Without the pictures, retype each line below exactly as it stands.
--- Recorded information Enclosed Below ---
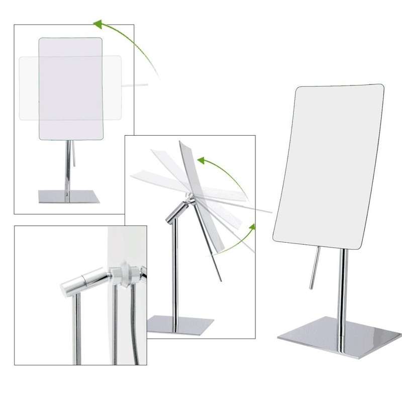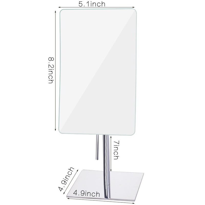 The Minimalist Rectangular Free Standing mirror is the perfect combination of simplicity and elegance. The 3X magnified mirror has a 5" x 8" viewing area and is 13. 75" tall. A small &joy stick; at the bottom of the lens allows you to tilt or swivel the mirror in any direction for the best viewing angle possible.
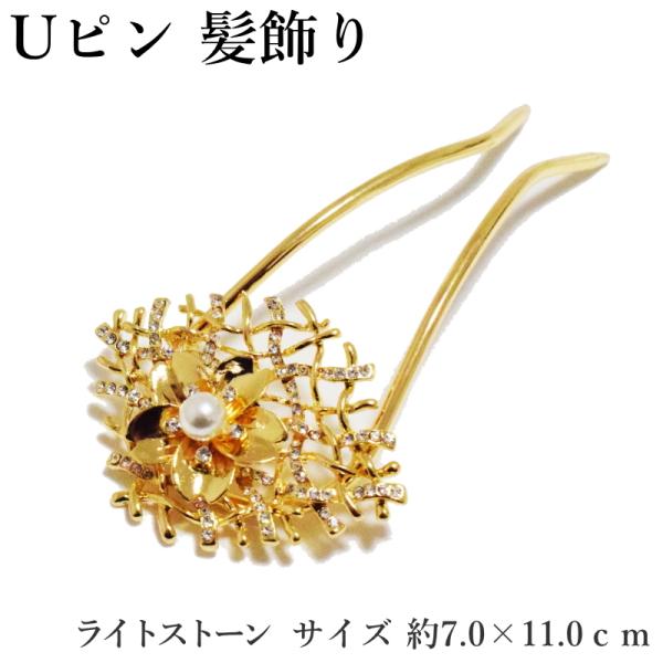 Uピン ライトストーン 髪飾り No.035 ゴールド(髪飾り パール ラインストーン 簪 かんざし ヘアピン 結婚式 入学式 卒業式 浴衣 和装)
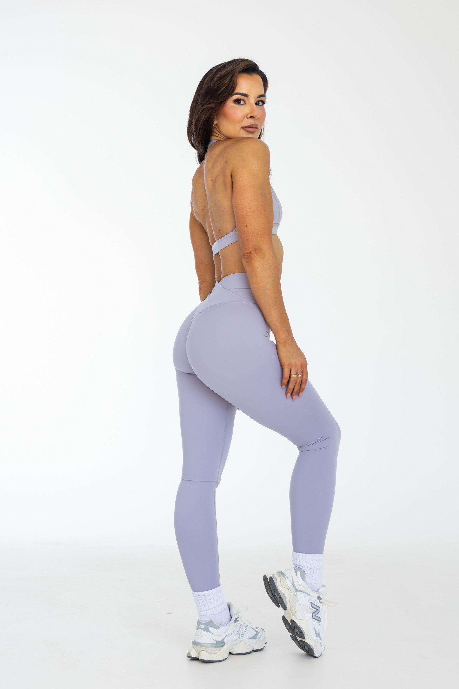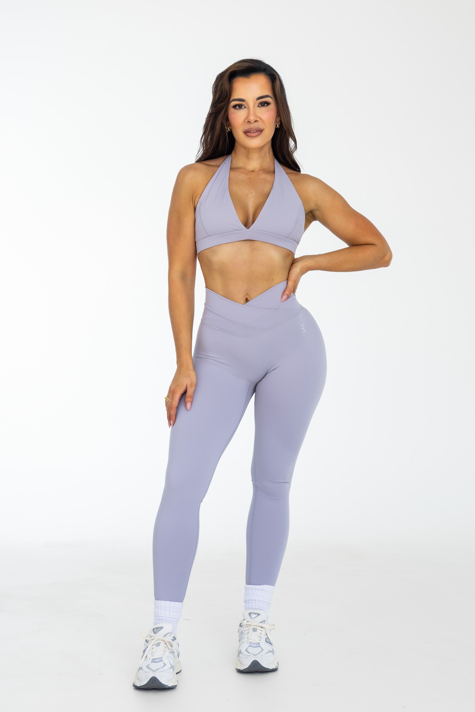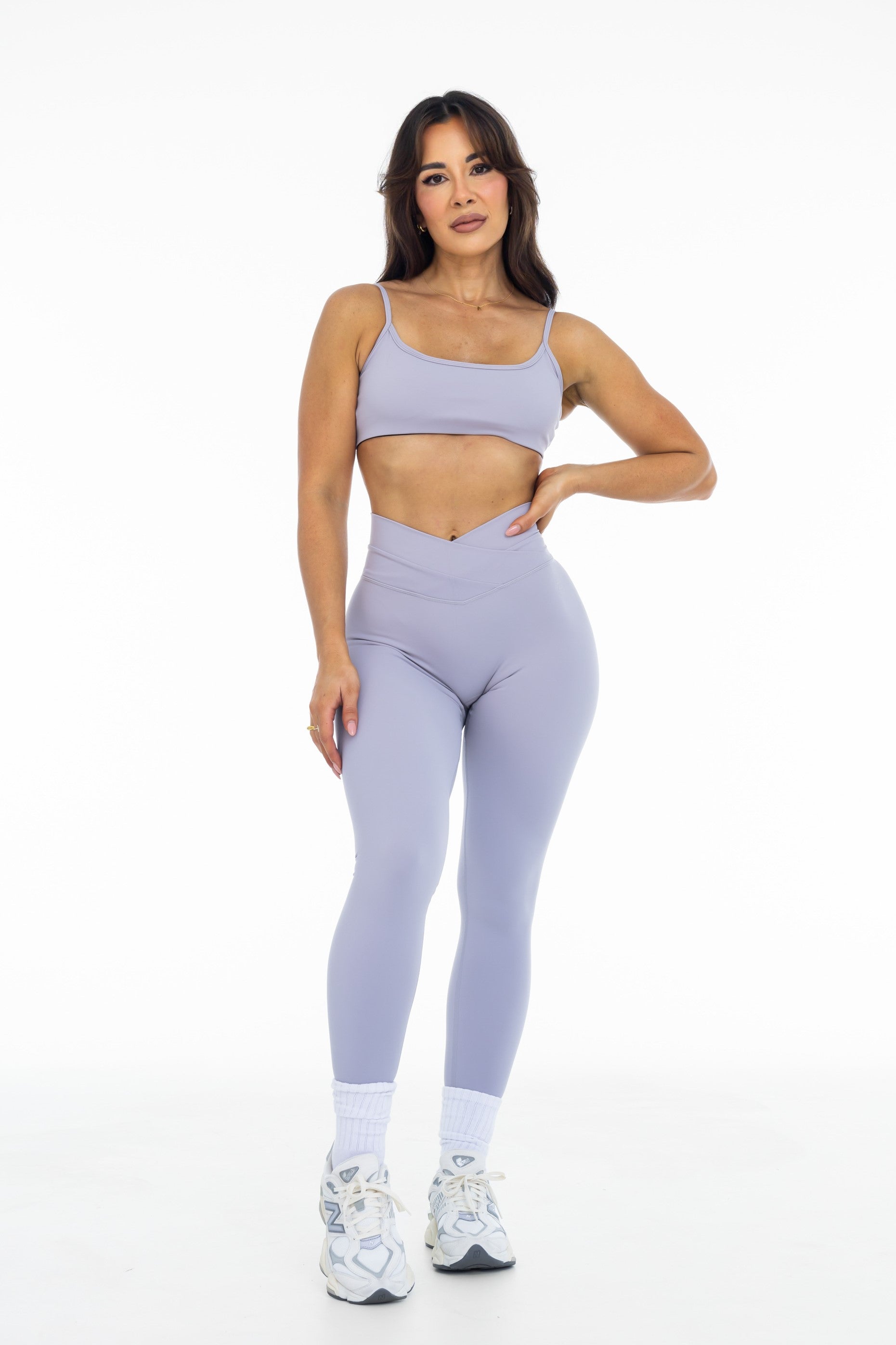 Crossover Scrunch Leggings - Lilac Grey
--- End of Enclosed Recorded information ---
Response box >>
 The Minimalist Rectangular Free Standing mirror is the perfect combination of simplicity and elegance. The 3X magnified mirror has a 5" x 8" viewing area and is 13. 75" tall. A small &joy stick; at the bottom of the lens allows you to tilt or swivel the mirror in any direction for the best viewing angle possible.
 Uピン ライトストーン 髪飾り No.035 ゴールド(髪飾り パール ラインストーン 簪 かんざし ヘアピン 結婚式 入学式 卒業式 浴衣 和装)
 Crossover Scrunch Leggings - Lilac Grey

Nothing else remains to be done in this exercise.